Keywords

1 Introduction

Speech databases are an indispensable part of speech research. Their structure and technical characteristics depend on specific tasks and on the aims of the investigation for which the data are collected. One of the important areas of speech studies is the detection of the speakers emotional state in voice and speech. Emotions play an important role in communication, being one of the major factors of human behavior and indicative of a person’s mental states.

For the study of emotional speech, it is necessary to use special corpora. There are very few child emotional speech databases available for child speech research community. For example, such corpora exist for English, German, Italian, and Swedish [1] pre-school and school children. There is also a child speech database containing a large vocabulary rated on emotional valence (positive, neutral, and negative) by French children, differing in both age (5–9 years old) and sex (girls and boys) [13]. However, there are no databases containing emotional child speech material produced by Russian children.

For the Russian language studies, we created the corpus called “INFANTRU”, which is the first database containing vocalizations of infants and children for a Slavic language [7]. The database contains 2967 recordings (70 h) of 99 children aged between 3 to 36 months. For 76 children, the corpus contains the longitudinal vocalization data from 3 to 36 months. A second corpus, called “CHILDRU”, stores speech material for 4 to 7 year old Russian children. This database holds 28079 recordings (20 h in total) of 150 Russian children: 142 children growing in families and 8 orphans, growing in a child care facility [7].

Creation of a corpus of child emotional speech is more difficult than the construction of corpora of emotional speech of adults. In the case of adults, actors are often involved to portray the necessary emotional conditions [5], or records of patients from a psychiatry clinic are used. Such approaches cannot be used for children. It is necessary to model communicative tasks in which the child is not conscious of being recorded to produce veridical emotional reactions. The creation of the corpus should be based on a verified and clear method of obtaining spontaneous speech manifestations of certain emotional reactions. By nature, collection of child emotional speech data is ‘in the wild’.

It is well known that acoustic and linguistic characteristics of child speech are widely different from those of adult speech. The child speech is characterized by a higher pitch value, formant frequencies and specific indistinct articulation with respect to the adult speech. It was recently shown that adult Russians could recognize 60 % to 100 % of 4–5 years old children’s words and phrases during calm, spontaneous speech, and the amount of words recognized by adult native speakers does not increase much for children’s speech from 4–5 to 7 years [4]. It is obvious that analysis of child speech must be separately investigated. The contributions of our current work are: 1) the collection of emotional speech material for 3–7 year old children in the form of a corpus and 2) a preliminary analysis of these data for studies of emotion development.

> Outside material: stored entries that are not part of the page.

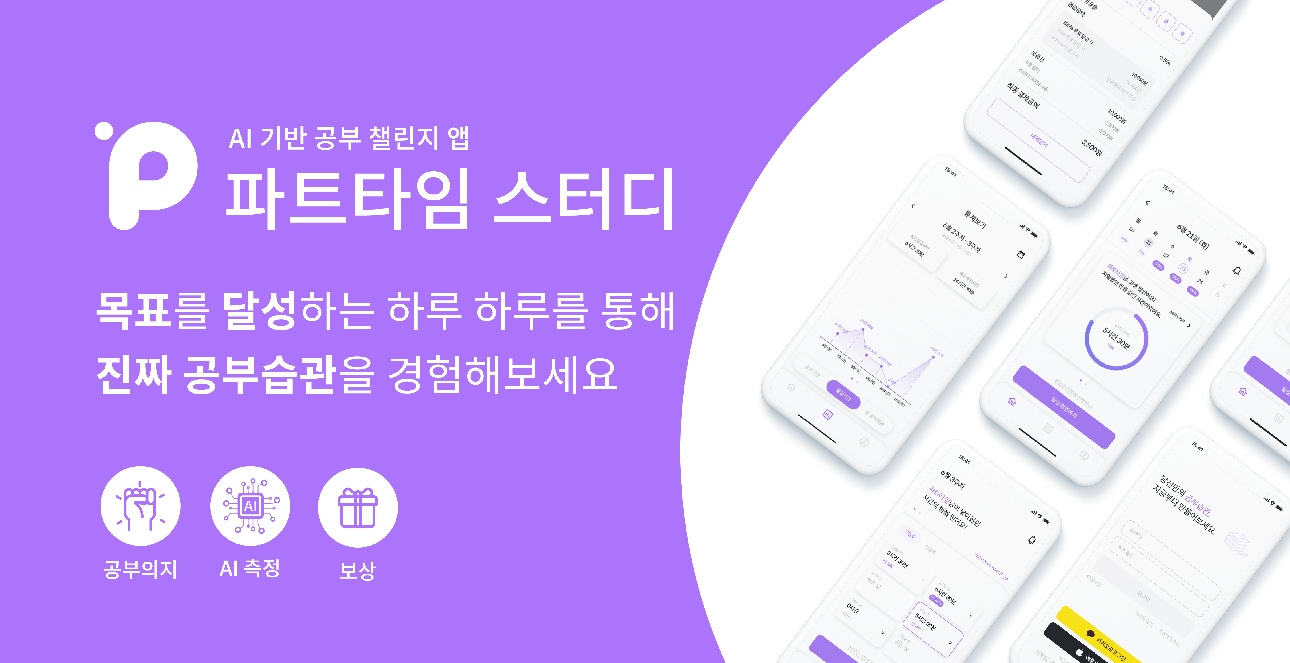 파트타임 스터디는 비전 AI 기술을 바탕으로 공부 챌린지를 제공하는 앱 서비스이다. 이용자가 스마트폰 앱 카메라로 공부하는 모습을 촬영하며 목표한 공부시간을 달성하는 챌린지 방식이다. 촬영되는 공부영상은 AI의 분석을 거쳐, 순수하게 공부한 시간만이 측정된다.
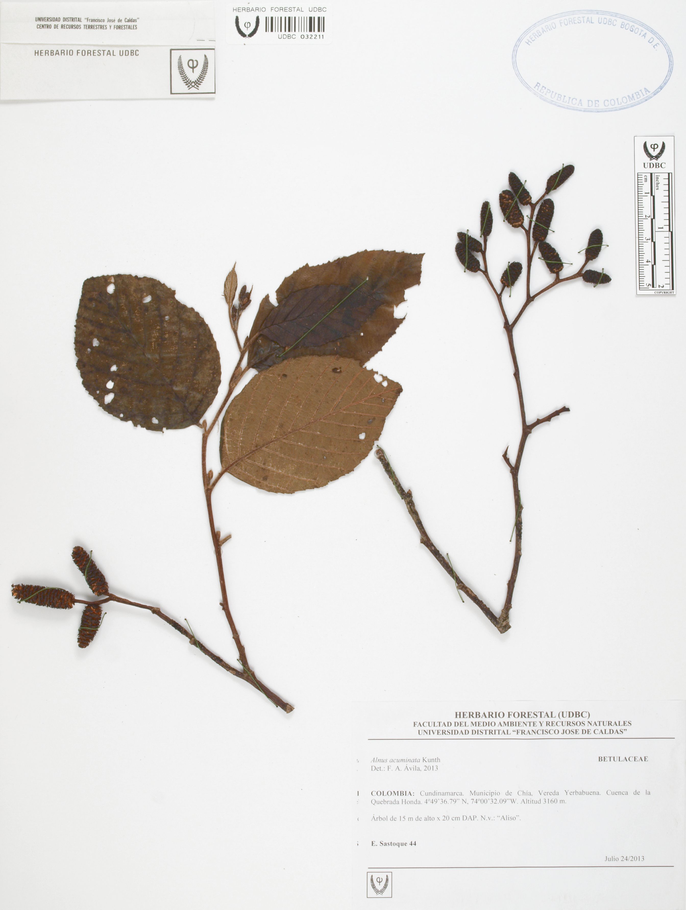 Fotografía del ejemplar Sastoque, E. 44, determinado como Alnus acuminata en el año 2013
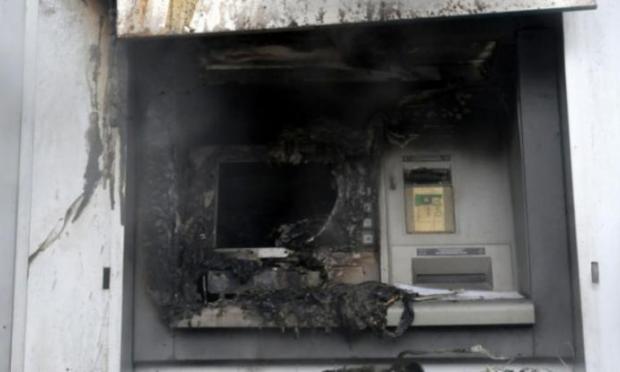 Η πυροσβεστική υπηρεσία κλήθηκε για την εκδήλωση φωτιάς στα δύο ΑΤΜ λίγο μετά τις 3.30 τα ξημερώματα.
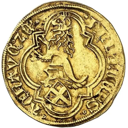 | Obverse description | Helmet with lion above arms, all within pointy trilobe. |
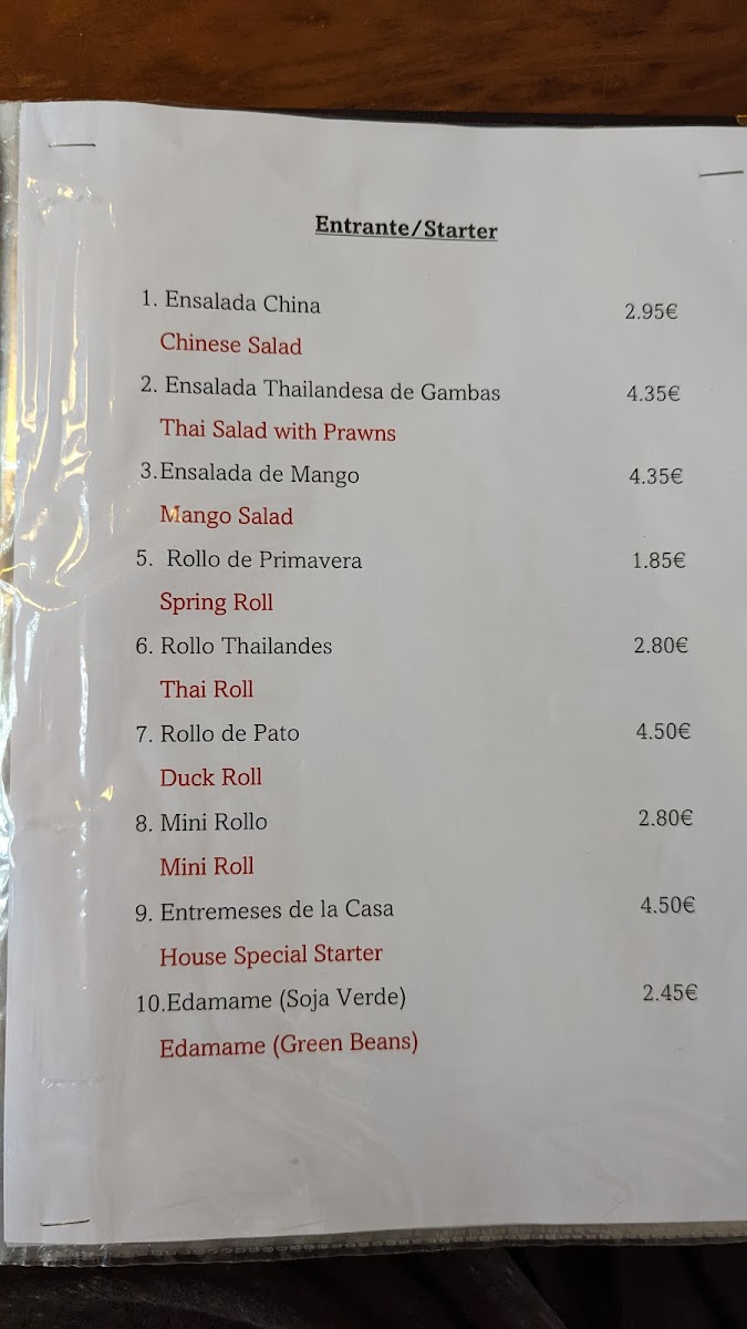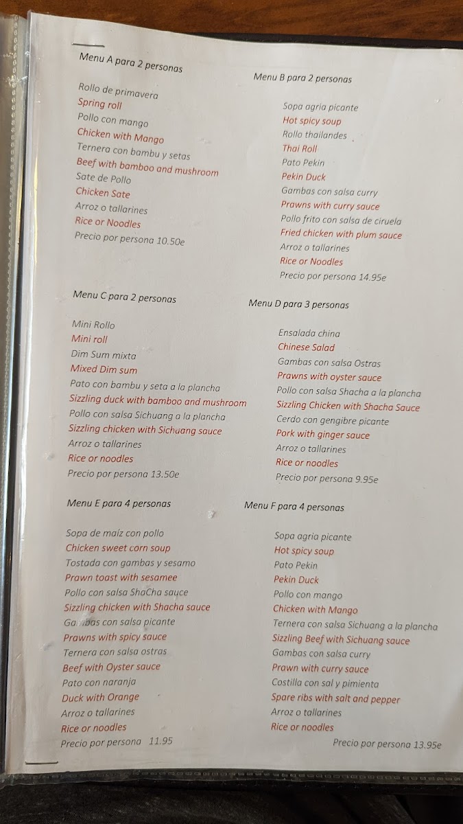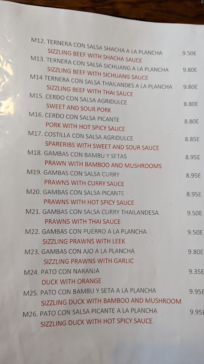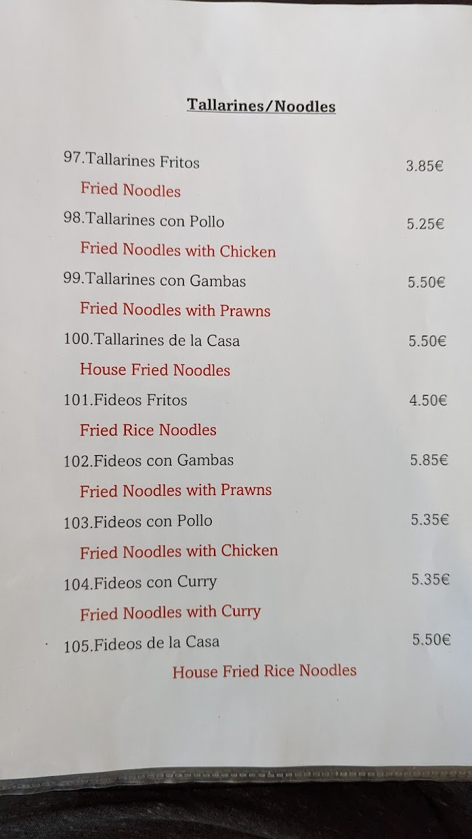The menu at Restaurante Hong Kong offers a delightful mix of classic Chinese dishes, each with a unique twist that showcases the restaurant's dedication to flavor and quality. The Sizzling Duck Noodles stand out with their savory richness, served on a hot plate to keep the dish steaming and aromatic. Another must-try is the Beef and Vegetable Fried Rice, a hearty, satisfying dish filled with tender beef and fresh vegetables, offering the perfect balance of flavors. The Tallarines are a crowd favorite, with perfectly cooked noodles paired with a selection of delicious vegetables and meats. For something more refreshing, the Te Chino provides a light yet flavorful taste, ideal for those looking for a lighter option. The Cóctel de Gambas offers a delightful starter, with juicy shrimp served in a tangy sauce, making for an excellent beginning to any meal. Lastly, the Pato Pekin is a showstopper, featuring crispy duck served with pancakes and a rich hoisin sauce, capturing the essence of traditional Peking duck. Overall, the menu at Restaurante Hong Kong blends familiar Chinese flavors with some exciting twists, making it a top choice for those in Xàbia seeking an authentic dining experience.
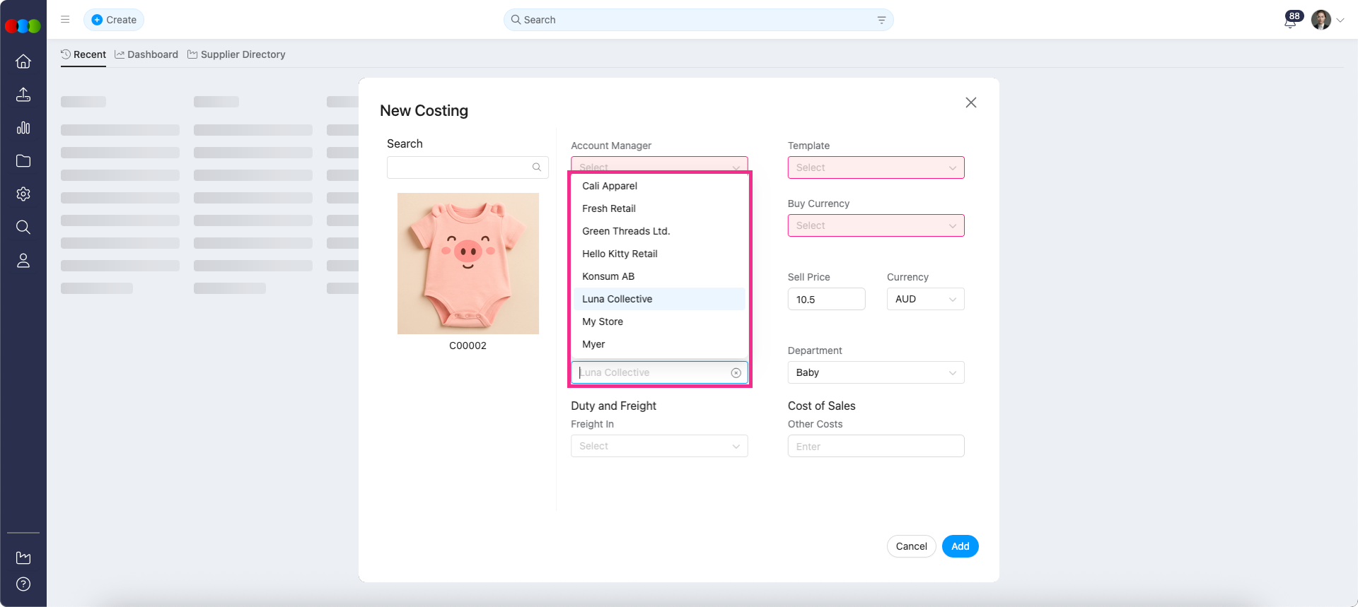 Create New > Costing > Customer Dropdown
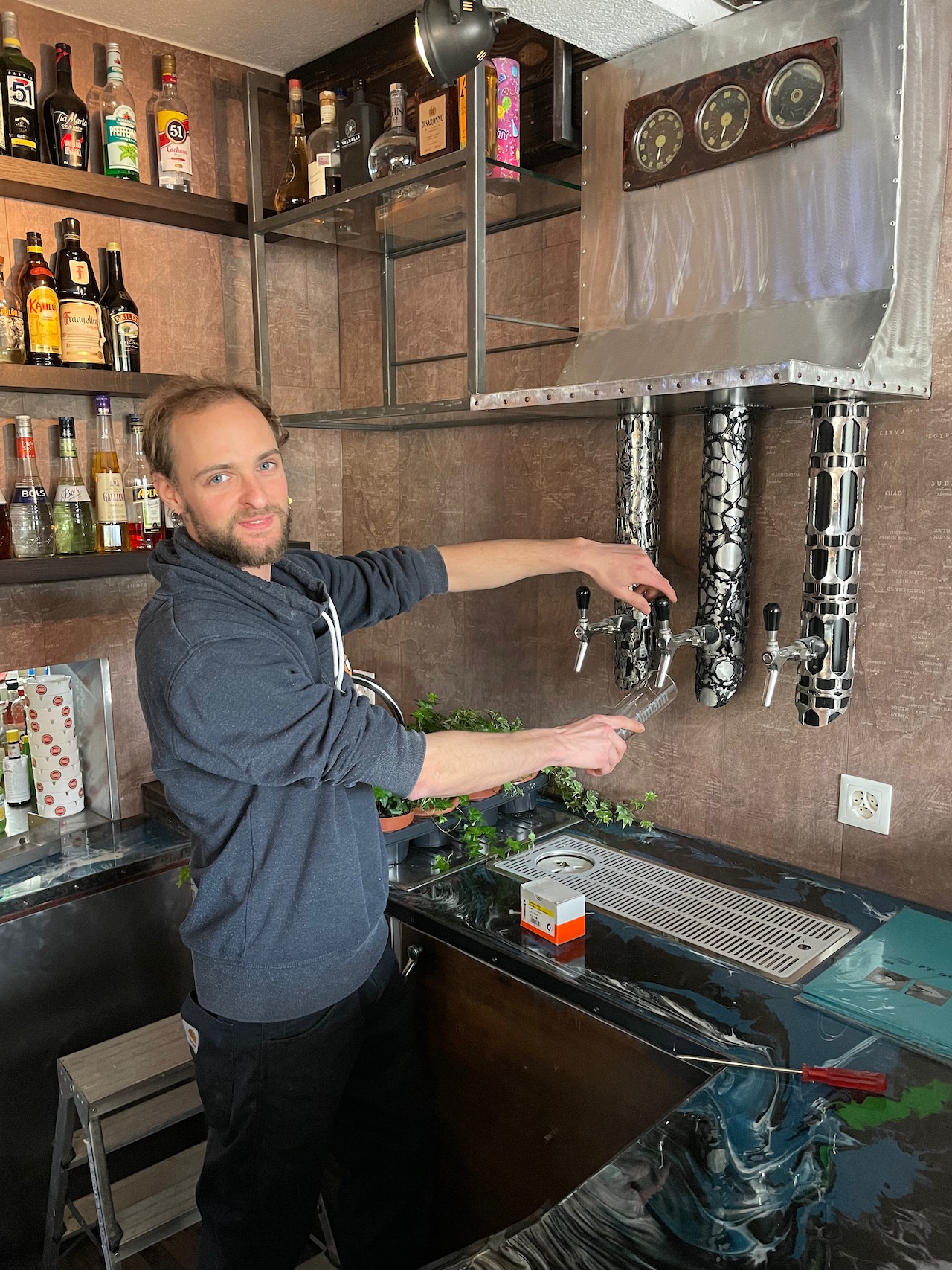 Wenn man sich das ehemalige Restaurant Rütli vor Augen hält, ist aktuell in der neuen Bar fast nichts mehr wie vorher. Einzig Eingang und Theke sind am gleichen Platz, das ganze Interieur ist neu. Beziehungsweise neu ist nicht der richtige Ausdruck. Die drei zukünftigen Betreiber haben bis auf wenige Elemente alles selbst hergestellt und dies vorwiegend aus gebrauchten Materialen, sogenanntes Upcycling.
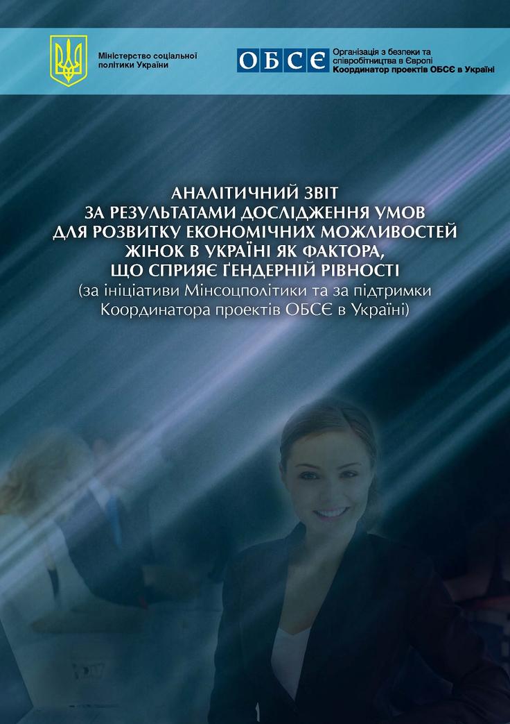 Обкладинка публікації "Аналітичний звіт за результатами дослідження умов для розвитку економічних можливостей жінок в Україні як фактора, що сприяє ґендерній рівності"

2 Emotional Child Russian Speech Corpus - EmoChildRu

2.1 Data Collection

“EmoChildRu” is the first database containing emotional speech material from 3–7 year old Russian children. The database includes 20.340 recordings (30 h) of 100 children growing in families. All children were born and live in the city of St. Petersburg (parents of the children were also born in St. Petersburg, or have been living there for more than 10 years). Places of recording were at home, in laboratory and kindergarten. The three different recording conditions are playing with a standard set of toys, repetition of words from a toy-parrot in a game store setting, and watching a Russian cartoon called “Masha and bear” from iPad and the retelling of the story, respectively. All experiments had a duration of 2 min. Every record is accompanied by a detailed protocol and video recording of child’s behavior in parallel. The speech materials are grouped based on the protocol and the recording situation, in accordance with underlying base emotions: sadness, anger, fear, gladness. So far, about 10 % of the data are annotated for emotional states. The database contains additional information about the child’s psychophysiological condition before and after speech recording. Original EEG and evoked potential (EP) records (visual stimuli images of the facial expression of infants and 3–4 year old children), dialogue descriptions, speech developmental and cognitive scale data are included in the database whenever available. The recordings were made with a “Marantz PMD660” digital recorder and with a single “SENNHEISER e835S” external microphone. The speech sounds were analyzed by experts, using Syntrillium’s “Cool Edit Pro” sound editor. Stressed vowels were selected from all phrase’s stressed words. The pitch as well as the vowel duration and phrase prosody were calculated.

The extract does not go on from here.